Address
- 901 Hilltop Drive Sparland, Illinois, 61565 United States

District information
- Type: Public
- Grades: PreK–12
- NCES District ID: 1700126

Students and staff
- Students: 698

Other information
- Website: www.midland-7.org

= Midland Community Unit School District =

School district in Marshall County, Illinois, United States

Midland Community Unit School District #7 is a school district headquartered in Sparland, Illinois.

It operates Midland Elementary School, Midland Middle School, and Midland High School.

==History==

The district formed through an act of consolidation circa 1996. Rolf Sivertsen served as the Midland CUSD superintendent until July 1, 2016, as he moved to Canton, Illinois.

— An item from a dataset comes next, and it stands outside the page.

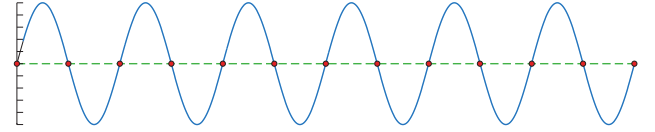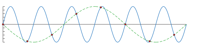 如果采样的频率过低,则会发生走样或混叠(aliasing),如图中,蓝色的为原信号,红色为采样点,绿色虚线为重建后的信号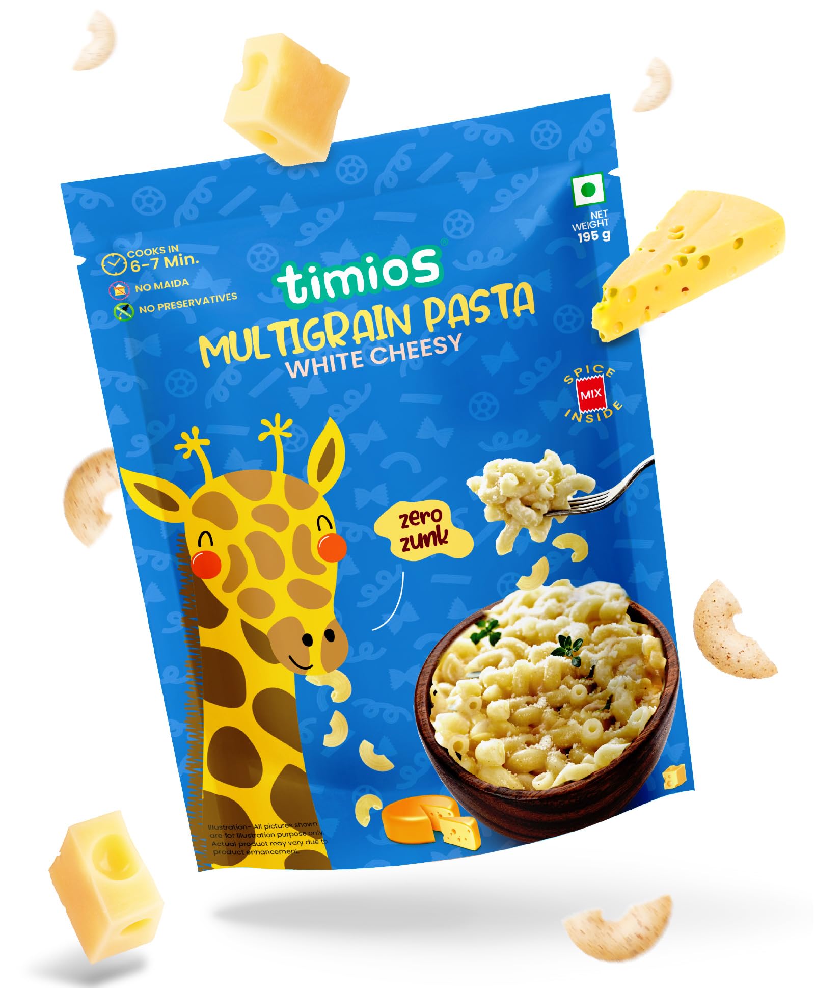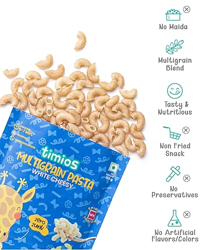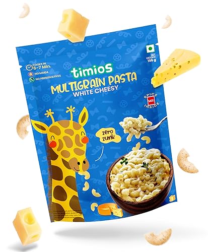 The Pasta is made from multigrains and contains high fiber. It contains no trans fat and 0 junk and no wheat. Free yourself from unhealthy food. Timios No-Maida White Cheesy Instant Pasta Vegan Gluten Free and Multigrain Healthy Pasta made with Brown Rice and Corn.

In 2016 Gary L. Smith of the Journal Star wrote that there were "sometimes bitter geographic divisions" and cited a case where, in an election to build a new school in Lacon, residents of Lacon gave "overwhelming support" but that people in Sparland and Varna "strongly opposed" the measure. Overall 55% of participants voted in favor in 2016, causing the measure to pass.

On May 16, 2016, L. William "Bill" Wrenn was selected as the superintendent. Wrenn served in this capacity until he died in January 2020. Wrenn planned to finish his term at the end of the 2019–2020 school year.